I've been considering a wind gen for some time & should be in the position to put up or shut up by summer 2008. I'm currently working on an anemometer to measure the wind speed. I hope to log the daily wind speed to look at various locations around the property as well as height, season, etc. The charts show class 2-3 for the area but I would rather be sure than go with a rough estimate.


----------



## Jim-mi (May 15, 2002)

Any body serious about wind would be wise to install a wind data tower for a --year--. 
This needs to be at the intended hight of the turbine.
Not a roof top whirly-gig toy.


----------



## Suemo (Sep 19, 2002)

According to the map for our area we are in a 3 for wind. That is as it may be for years past but that has certainly changed to a 4-5 or even higher. A wind farm is being prepared for an expected output for 30.000 families not far from here. I live in a valley and it has always seemed to be more windy but the speeds have really picked up in the past 3 years. 
I have heard many pro and cons on this subject. I have seen the big wind farms in Texas with 1/2 to 3/4 of them not running. I have heard that the commercial wind machines are expensive to maintain. Could it be that the shorter, smaller units will produce more power more economically? 
Suemo


----------



## Jim-mi (May 15, 2002)

Sue
You've got a apples and oranges question there. . . .and I don't feel like typing all night.

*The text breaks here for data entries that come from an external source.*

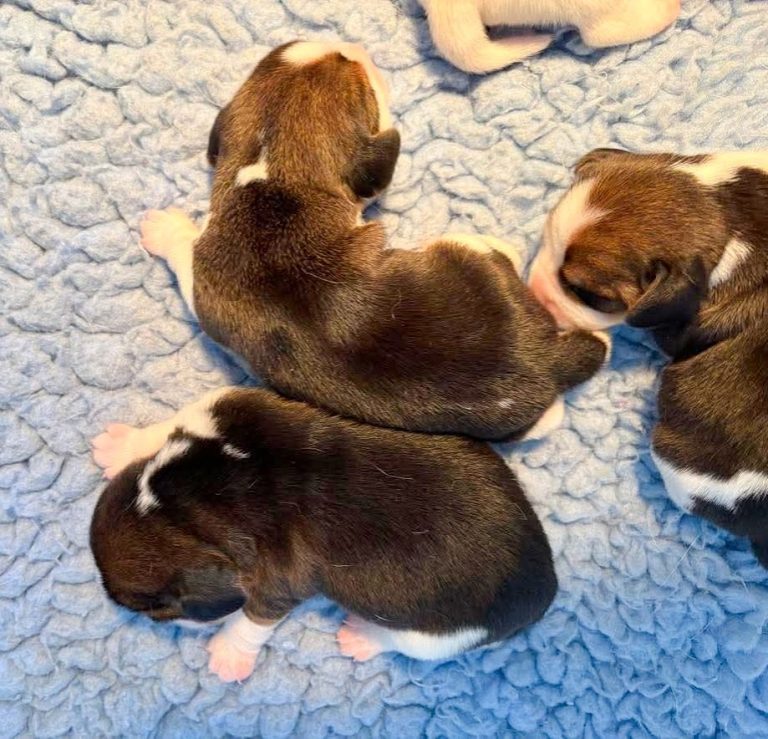 Wir kamen mit der Züchterin Samantha Goldberg ins Gespräch. Sie plante einen vielversprechenden Wurf, ließ uns die Wahl eines Rüden und entsprach unserem Wunsch, die Krallen unangetastet zu lassen. Die Hündin wurde tragend. Die Welpen wurden geboren – gesund und munter. Sieben kleine, bunte Welpen. Drei dreifarbige Rüden darunter. Genau wie erträumt.
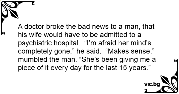 A doctor broke the bad news to a man, that his wife would have to be admitted to a psychiatric hospital. “I’m afraid her mind’s completely gone,” he said. “Makes sense,” mumbled the man. “She’s been giving me a piece of it every day for the last 15 years.”
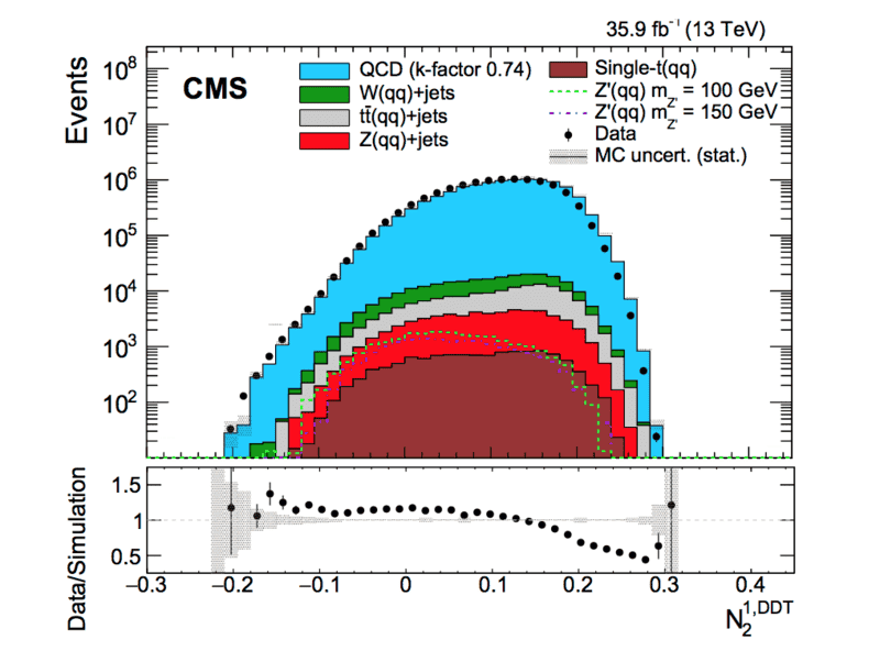 Hello! The attached pic is from this paper. So on the y you have counts and on the x you have a certain parameter used to search for a certain resonance. The colored part is the Standard Model (SM) prediction and the black dots are the obtained data while the dashed lines are the simulated prediction for the contribution of this new resonance. Obviously no deviation is observed in the region of interest. However if you look in the last 5-7 bins (maybe except the last 2), especially in the bottom plot, the data points deviate significantly from the predicted background. Is it because the simulation didn't focus much there (as it is outside the region of interest for the specific resonance) or it can be something deeper (the points seems to be quite a few sigma below the predicted model)? If the simulations are correct over the whole presented range, shouldn't these points be closer (within the error bars) to the predicted model? Thank you!
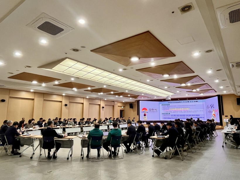 [일요주간=최부건 기자] 김천시(시장 배낙호)는 27일 시청 3층 강당에서 ‘2025년 실적 정부합동평가(시군평가) 추진상황 보고회’를 열고 전 부서의 실적 점검과 향후 대응 방안을 논의했다.
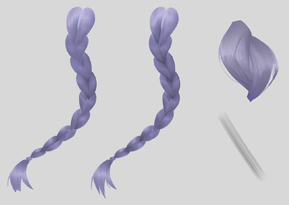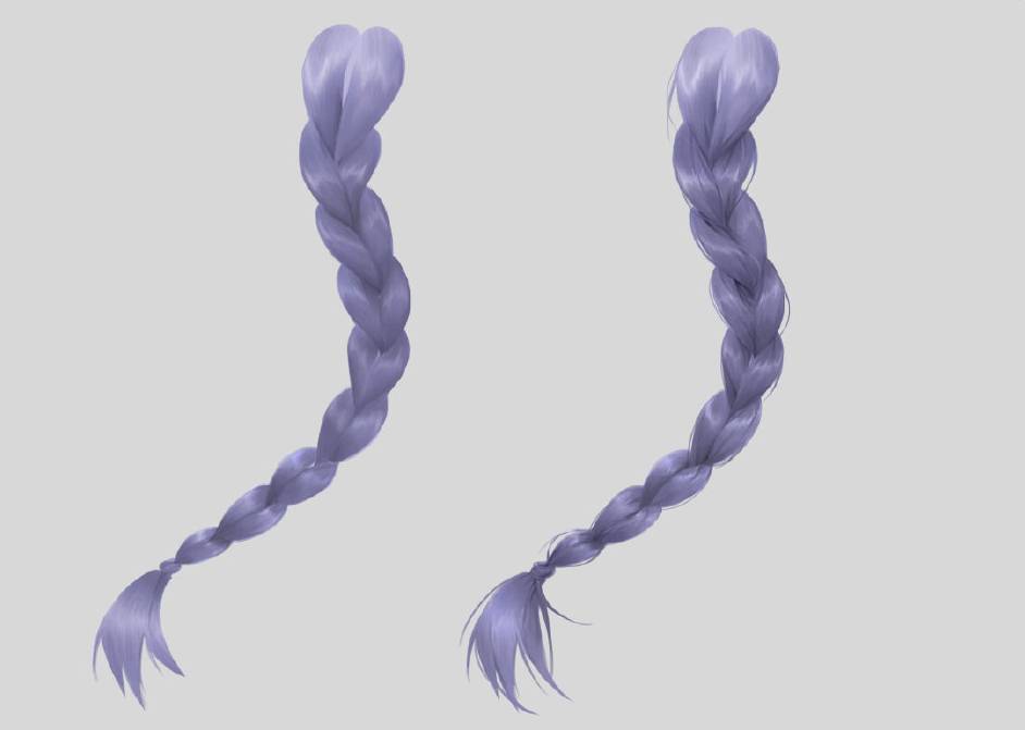 接下来顺着辫子的趋势,用这个画头发特别好用的发丝效果的笔刷(任何类似效果的笔刷都可以)在辫子的上半部和下半部扫出发丝的感觉,这里要选择比较深的颜色。再根据头发的颜色选择一个浅色,用“N”字型的方式画高光。可以在每一股辫子里面也分一些小组,看起来更加细致。
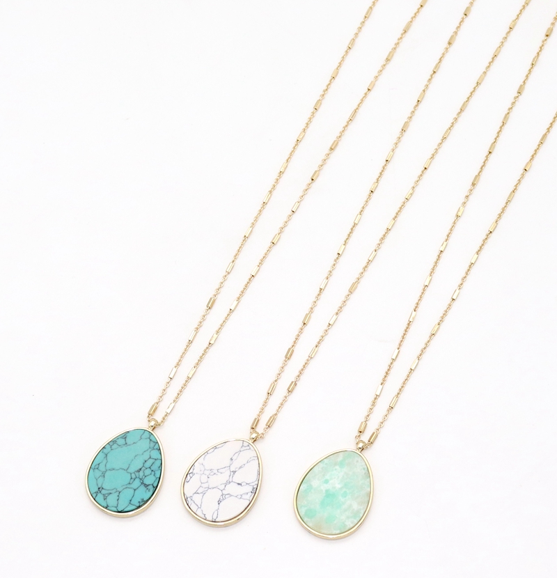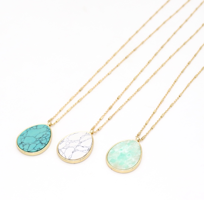 潮流设计开发 欧美风饰品 水滴形松石镶嵌长款精美链子款项链
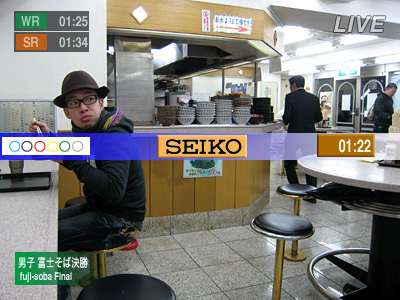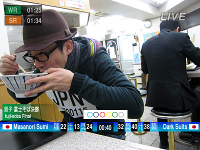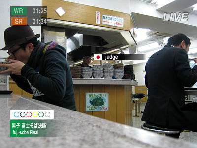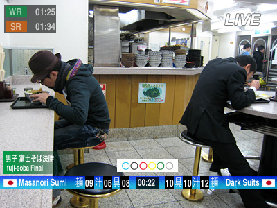 僕と対戦相手は背を向けて座っているので、相手が食べ始めるタイミングが分からない。写真を撮っているスタッフに合図を送ってもらうことにした。相手が食べ始めたら机を叩く。それがスタートの合図である。 |
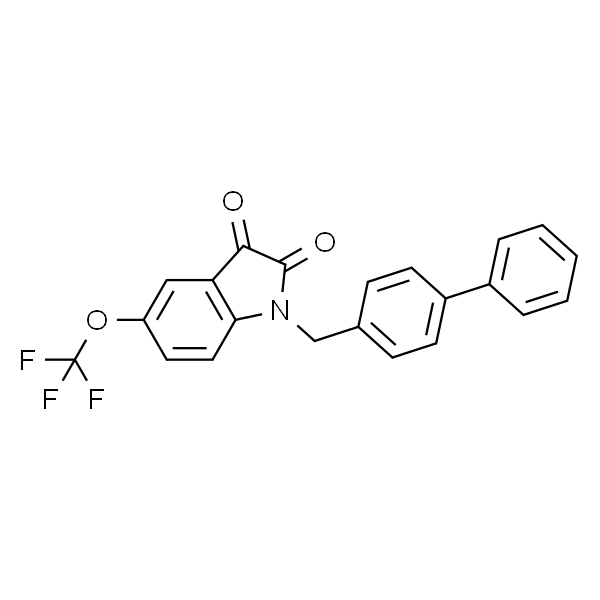 InChI=1S/C22H14F3NO3/c23-22(24,25)29-17-10-11-19-18(12-17)20(27)21(28)26(19)13-14-6-8-16(9-7-14)15-4-2-1-3-5-15/h1-12H,13H2
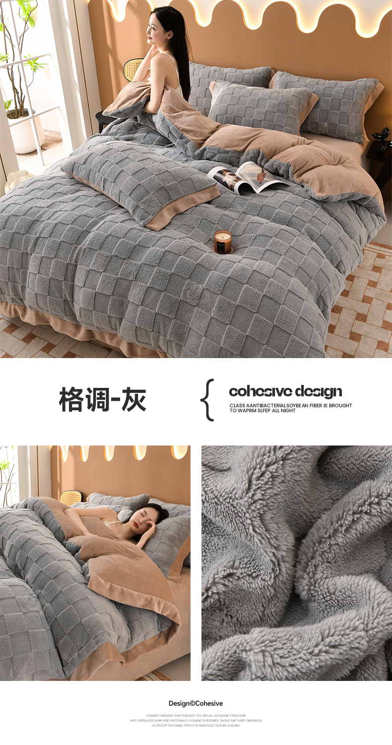 商品名称:澳梵家居 2023新款轻奢款宽边塔芙绒四件套 格调-灰

From what you just posted I'd say your a prime candidate for a good *home* size turbine right now.


----------



## wy_white_wolf (Oct 14, 2004)

Just found this site. Hope it helps.

http://www.omafra.gov.on.ca/english/engineer/facts/03-047.htm


----------



## wy_white_wolf (Oct 14, 2004)

Another link you might like since it deals with Alaska:

http://www.eere.energy.gov/windandhydro/windpoweringamerica/astate_template.asp?stateab=AK


----------